I have two video cards, the other is a much slower HD 6670 1GB. I used to play Alien:Isolation on this, native resolution. Different tech and all, but in comparison that's pretty steep considering how washed out and blurry the textures look on this on medium to low. Purely visually, the game has a bit of "washed out" look in general with limited contrast. Which is an artistic decision highlighting the "flatness" of optionally lower resolution textures, something that Dishonored got easier away with due to going the exact opposite route ((
http://assets.sbnation.com/assets/1569231/dishonored-review-boat-1920.jpg) this still is completely gorgeous). Dark areas oft aren't really much dark and colors don't much shine. This is even more pronounced if you turn off the post processing manually in the game.cfg. Maybe going to postpone this until the upgrade. Guess more VRAM would solve it pretty quickly. In the meantime, I agree, this plays like the Bioshock as it was initially announced, so everybody who didn't buy yet, don't complain when it will be the last of its kind in decades. :) Try this.
Sulphur on 13/8/2017 at 13:18
A:I used a bespoke, well-optimised engine that was extremely good at what it did, plus its relatively closed environments let it do more with less.
Prey's been developed on CryEngine, which can quite resource intensive if it needs to be (see: Ryse, Crysis 3) and has larger environments with possibly much larger textures and texture variety. It's not a 1:1 comparison.
samIamsad on 13/8/2017 at 15:46
Quote Posted by Sulphur
A:I used a bespoke, well-optimised engine that was extremely good at what it did, plus its relatively closed environments let it do more with less.

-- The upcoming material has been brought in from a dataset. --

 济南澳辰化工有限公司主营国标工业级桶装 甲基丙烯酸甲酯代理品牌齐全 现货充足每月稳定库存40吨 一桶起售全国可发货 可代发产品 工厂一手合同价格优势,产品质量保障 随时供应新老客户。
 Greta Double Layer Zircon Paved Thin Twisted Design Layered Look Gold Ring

Most definitely! I'm not tech-savvy, but looking around the CryEngine also works by streaming textures from the hDD (and BluRay on PS), which means the VRAM and system RAM (only 3 gigs used in full with the system and applications running) usage may not tell the entire story. There is a command, r_TexturesStreaming, which is supposed to toggle that on and off, which would cache textures in the system RAm rather than loading them up from the HDD, but it doesn't seem to do anything in Prey. Looking for prey+stuttering brings up a few complaints by users with higher end systems too,and a few supposedly workarounds. The first time it negatively impacted me is in the Lobby's Trauma Center area, where [spoiler]you're attacked by group of two. When they start casting and the fire effects are triggered[/SPOILER], it always assesses the HDD and causes a few of that stuttering not noticed much during exploration, even though the HDD is quite regularly accessed. Maybe even upgrading the GPU wouldn't do all of that away, and rather getting an SSD/ faster HDD would be required likewise.

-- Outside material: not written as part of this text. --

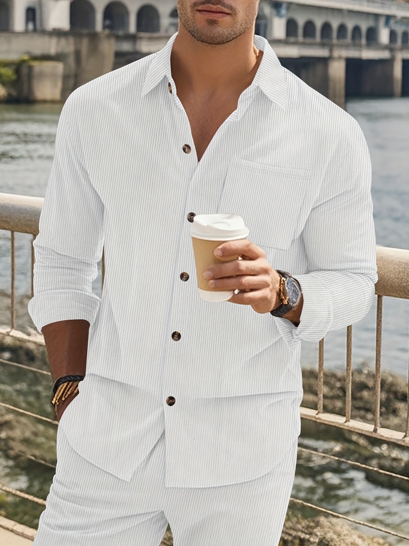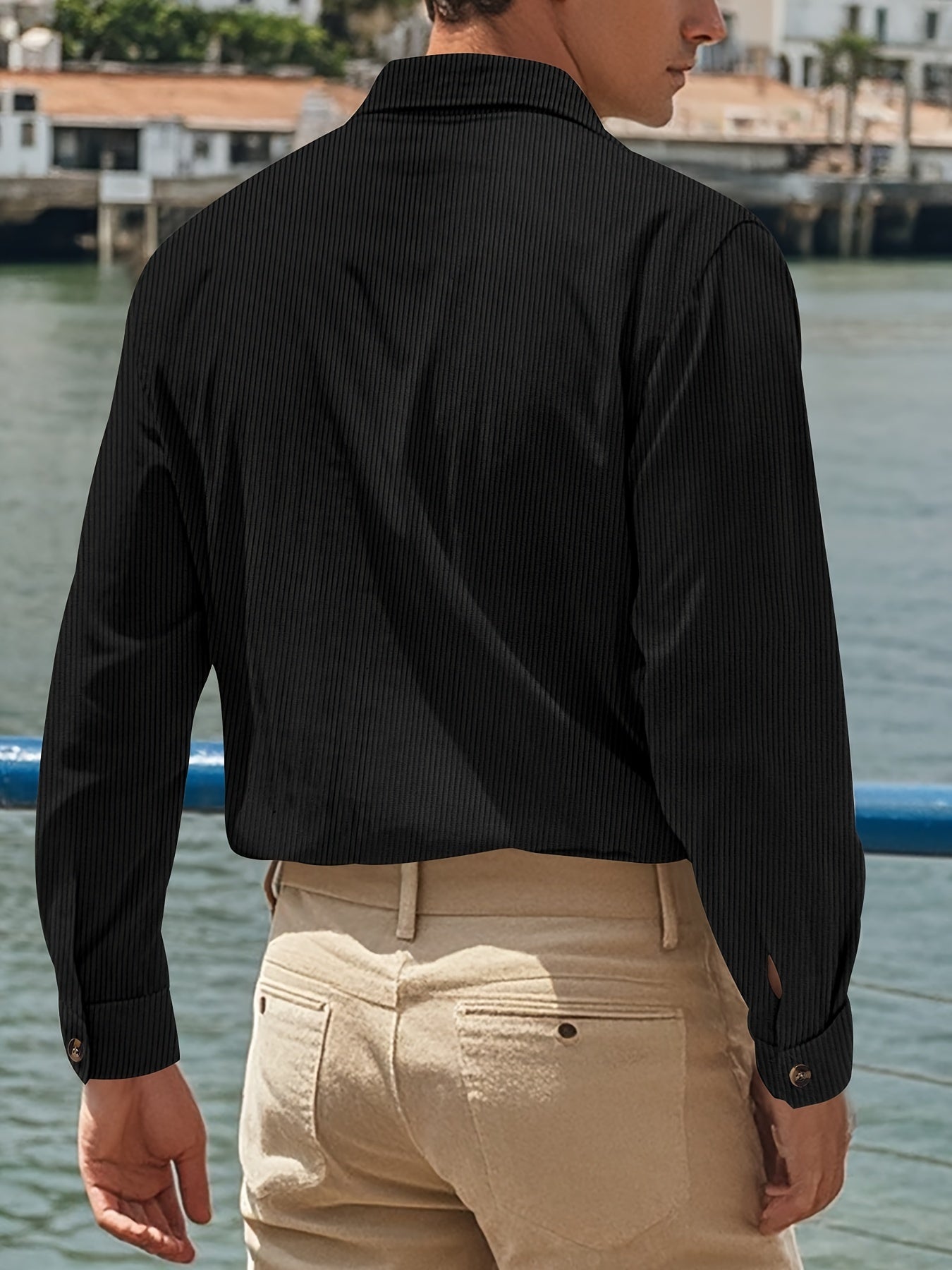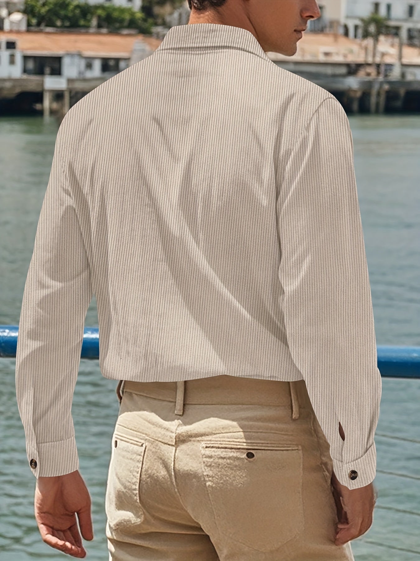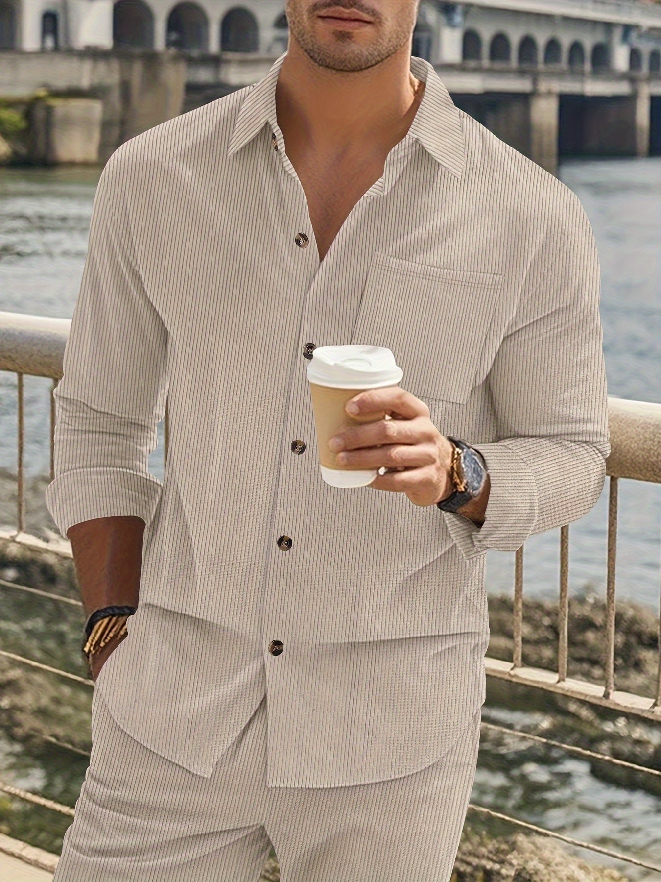 Herren Langarm Cordhemd – Einfarbig, Weicher Baumwollmix, Lässig & Bequem mit Brusttasche

Additionally, when I switch to high textures, not much changes in that regard, except that those textures visibly don't fit into the GPU's RAM, and are just displayed as a blurry, indistinguishable mess, which is more in line with what I'd think low VRAM to settle to. Outside of the Crysis 1 demo, this is the first ever CryEngine game I've played AFAIK, so limited experience here though. As said, the system RAM isn't anywhere near full according to Afterburner. If the Engine inherently streams textures from the HDD, a more or less permanent access as such would be expected.